• _Information supplied_:
===

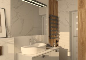 Wizualizacja przedstawia kolorową, radosną łazienkę, idealną dla dzieci, ale również doskonałą dla dorosłych, którzy cenią sobie żywe i pełne energii wnętrza. Przestrzeń łączy w sobie biel i odcienie niebieskiego, co tworzy harmonijną, a jednocześnie dynamiczną atmosferę sprzyjającą codziennym rytuałom. Podłoga oraz ściany są wyłożone płytkami Stracciatella-R Nacar, które... Czytaj dalej
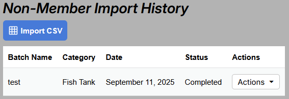 This will take you to the Non-Member Import History page, Select the Import CSV option.
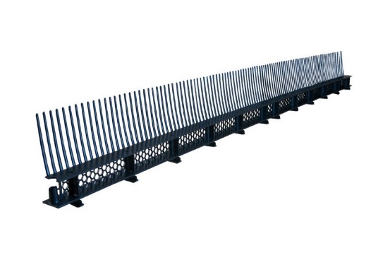 Универсальный вентиляционный элемент для установки на свес карниза, совмещенный с гребенкой для защиты от проникновения под кровлю птиц и грызунов.

===

• _About this exercise_:
Line by line and exactly, reproduce the span from the line with "This will take" through the end of the data above, both ends included, with pictures left out.

• _Problem solution_:
 This will take you to the Non-Member Import History page, Select the Import CSV option.
 Универсальный вентиляционный элемент для установки на свес карниза, совмещенный с гребенкой для защиты от проникновения под кровлю птиц и грызунов.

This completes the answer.